__SOURCE DATA__.
- Opening Delimiter -

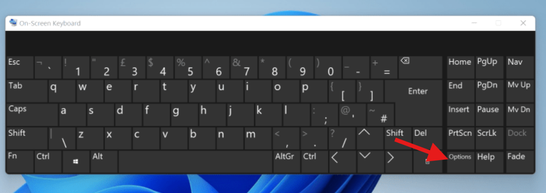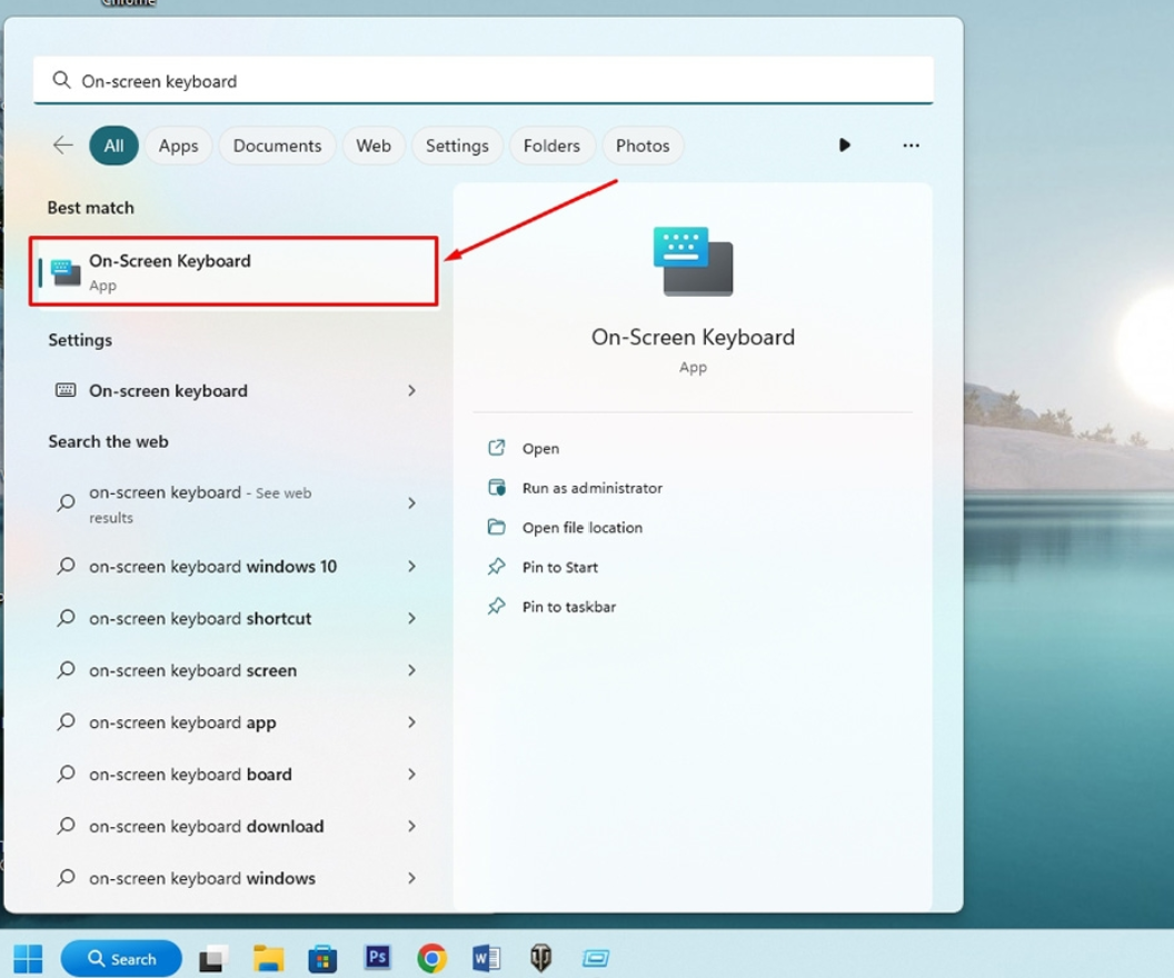 Vào start -→ gõ -→ on-Screen Keyboard.
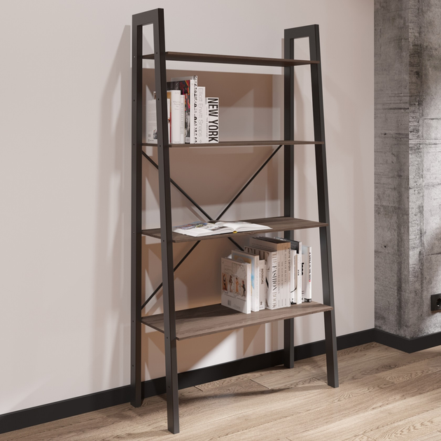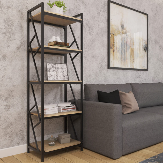 Стелаж Призма 4 полиці (Метал-дизайн) Чорний оксамит + Дуб античний 31111131
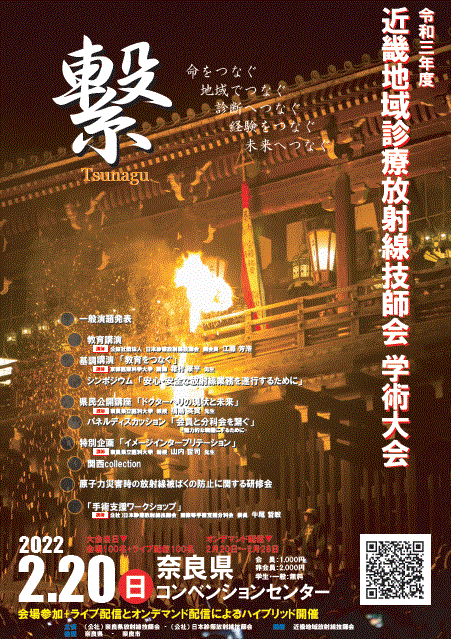 ◆◇令和3年度近畿地域診療放射線技師会学術大会終了のご報告とお礼◇◆ 謹啓 春暖の候、皆様におかれましては益々ご清祥のこととお慶び申し上げます。 平素より、格段のご高配を賜り厚く御礼申し上げます。 さて、この度の令和3年度近畿地域診療放射線技師会学術大会におきましては、格別のご指導とご支援を賜りまして誠に有難うございました。 お陰様で、令和4年2月20日(日)に開催いたしましたライブ配信、および令和4年2月25日(金)からのオンデマンド配信によるWeb学術大会は、令和4年3月28日(月)をもちまして無事終了することが出来ました。 今回の学術大会は、コロナ禍による1年延期、ハイブリッドへの変更、そして最終的には完全Web開催へと度重なる変更で関係各位には大変ご迷惑をおかけしました。 また、学術大会の運営にあたりましては、初めてのWeb開催となりましたので、何かと不慣れな点が多く不行届きの点も多々あったかと存じますが、何卒ご容赦下さいますようお願い申し上げます。 最後に、学会にご参加いただきました会員の皆様、協賛セミナーあるいはバナー広告や広告掲載などを通じ、本学術大会をご支援くださいました企業・団体の皆様、そして学会企画、準備、運営に携わっていただきました実行委員の皆様の今後益々のご活躍とご多幸を祈念して、お礼の挨拶とさせていただきます。 謹白 令和4年3月28日 令和3年度近畿地域診療放射線技師会学術大会 大会長 髙谷英明 実行委員長 小林勝宏 ◆◇令和3年度近畿地域診療放射線技師会学術大会 学術奨励賞◇◆ 演題名:「多職種間協議における電子デバイス装着患者対応方法の新たな取り組み」 発表者:京都大学医学部附属病院 中川政幸 中川政幸様、受賞おめでとうございます。 ◆◇オンデマンド 質疑応答◇◆ オンデマンド配信の質問に対し、講師の先生よりご回答をいただきました。 回答者:画像手術支援分科会 牛尾哲敏 →→質疑応答の内容はこちら ![]() 主 催:公益社団法人 日本診療放射線技師会 公益社団法人 奈良県放射線技師会 実 施:近畿地域診療放射線技師会 後 援:奈良県・奈良市 ※オンデマンド配信期間 2月25日(金)正午~3月28日(月)正午まで ![]() 4月3日 オンデマンド質疑応答 掲載しました 3月28日 学術奨励賞 掲載しました 3月28日 オンデマンド配信 終了しました 2月25日 オンデマンド配信 開始ました 2月19日 抄録集アップしました 2月18日 視聴方法のご案内 追加しました 2月3日 参加登録期間 延長しました 2月2日 大会プログラム 更新しました 1月24日 原子力災害研修会 掲載しました 1月20日 開催形式が変更になりました 1月11日 演題募集 終了しました 12月25日 事前参加登録 開始しました 12月1日 演題募集期間 延長しました 1月10日まで 10月7日 国際セッション 演題募集 開始しました 10月4日 プログラム 掲載しました 10月1日 演題募集 開始しました 9月28日 近畿地域診療放射線技師会学術大会ページを開設しました ---------------------------------------------------------------------------- |

- Closing Delimiter -

__TASK DETAILS__. When you retype the data above, match every line exactly and leave the pictures behind.

__THE COMPLETED TASK__.
 Vào start -→ gõ -→ on-Screen Keyboard.
 Стелаж Призма 4 полиці (Метал-дизайн) Чорний оксамит + Дуб античний 31111131
 ◆◇令和3年度近畿地域診療放射線技師会学術大会終了のご報告とお礼◇◆ 謹啓 春暖の候、皆様におかれましては益々ご清祥のこととお慶び申し上げます。 平素より、格段のご高配を賜り厚く御礼申し上げます。 さて、この度の令和3年度近畿地域診療放射線技師会学術大会におきましては、格別のご指導とご支援を賜りまして誠に有難うございました。 お陰様で、令和4年2月20日(日)に開催いたしましたライブ配信、および令和4年2月25日(金)からのオンデマンド配信によるWeb学術大会は、令和4年3月28日(月)をもちまして無事終了することが出来ました。 今回の学術大会は、コロナ禍による1年延期、ハイブリッドへの変更、そして最終的には完全Web開催へと度重なる変更で関係各位には大変ご迷惑をおかけしました。 また、学術大会の運営にあたりましては、初めてのWeb開催となりましたので、何かと不慣れな点が多く不行届きの点も多々あったかと存じますが、何卒ご容赦下さいますようお願い申し上げます。 最後に、学会にご参加いただきました会員の皆様、協賛セミナーあるいはバナー広告や広告掲載などを通じ、本学術大会をご支援くださいました企業・団体の皆様、そして学会企画、準備、運営に携わっていただきました実行委員の皆様の今後益々のご活躍とご多幸を祈念して、お礼の挨拶とさせていただきます。 謹白 令和4年3月28日 令和3年度近畿地域診療放射線技師会学術大会 大会長 髙谷英明 実行委員長 小林勝宏 ◆◇令和3年度近畿地域診療放射線技師会学術大会 学術奨励賞◇◆ 演題名:「多職種間協議における電子デバイス装着患者対応方法の新たな取り組み」 発表者:京都大学医学部附属病院 中川政幸 中川政幸様、受賞おめでとうございます。 ◆◇オンデマンド 質疑応答◇◆ オンデマンド配信の質問に対し、講師の先生よりご回答をいただきました。 回答者:画像手術支援分科会 牛尾哲敏 →→質疑応答の内容はこちら ![]() 主 催:公益社団法人 日本診療放射線技師会 公益社団法人 奈良県放射線技師会 実 施:近畿地域診療放射線技師会 後 援:奈良県・奈良市 ※オンデマンド配信期間 2月25日(金)正午~3月28日(月)正午まで ![]() 4月3日 オンデマンド質疑応答 掲載しました 3月28日 学術奨励賞 掲載しました 3月28日 オンデマンド配信 終了しました 2月25日 オンデマンド配信 開始ました 2月19日 抄録集アップしました 2月18日 視聴方法のご案内 追加しました 2月3日 参加登録期間 延長しました 2月2日 大会プログラム 更新しました 1月24日 原子力災害研修会 掲載しました 1月20日 開催形式が変更になりました 1月11日 演題募集 終了しました 12月25日 事前参加登録 開始しました 12月1日 演題募集期間 延長しました 1月10日まで 10月7日 国際セッション 演題募集 開始しました 10月4日 プログラム 掲載しました 10月1日 演題募集 開始しました 9月28日 近畿地域診療放射線技師会学術大会ページを開設しました ---------------------------------------------------------------------------- |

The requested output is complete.